Saga Pattern

When a transaction spans multiple services, you can't use a single ACID transaction. The saga pattern coordinates the sequence and provides compensation steps for rollback.

The distributed transaction problem

You're processing an order. You need to: charge the customer, reserve inventory, schedule shipping, send a confirmation email. Each lives in a different service with its own database. There is no single ACID transaction across them.

Two-phase commit (2PC) tries to coordinate, but it locks resources, slows everything down, and breaks horribly under partition. Most modern systems avoid it.

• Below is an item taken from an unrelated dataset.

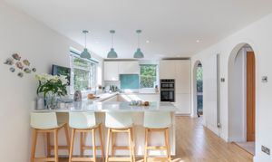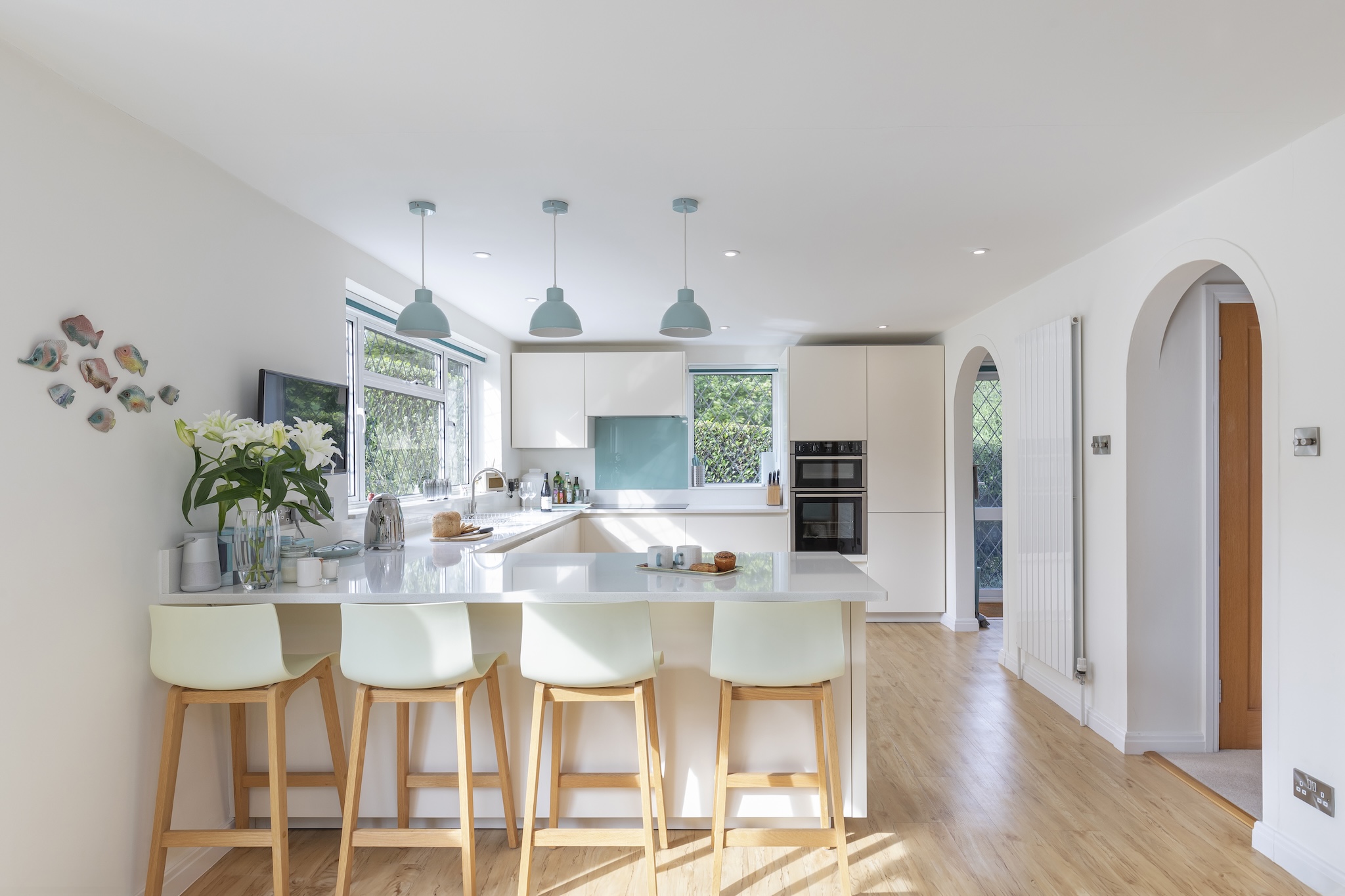 - Open-plan kitchen/dining/family space with central island and Karndean flooring

The saga pattern is the practical alternative.

The idea

Break the long transaction into a sequence of local transactions. Each step does something and emits an event. The next step listens, does its thing, emits an event. If any step fails, run compensating transactions to undo the work done so far.

Two flavors

Choreographed saga. No central coordinator. Each service listens for events and reacts. Pure event-driven. Pros: decentralized, no single point of failure. Cons: hard to see the full flow; debugging is painful.

Orchestrated saga. A central orchestrator (Temporal, Camunda, AWS Step Functions, or a custom service) tells each step what to do. Pros: clear flow, easier to debug, easier to add new steps. Cons: orchestrator becomes a critical service.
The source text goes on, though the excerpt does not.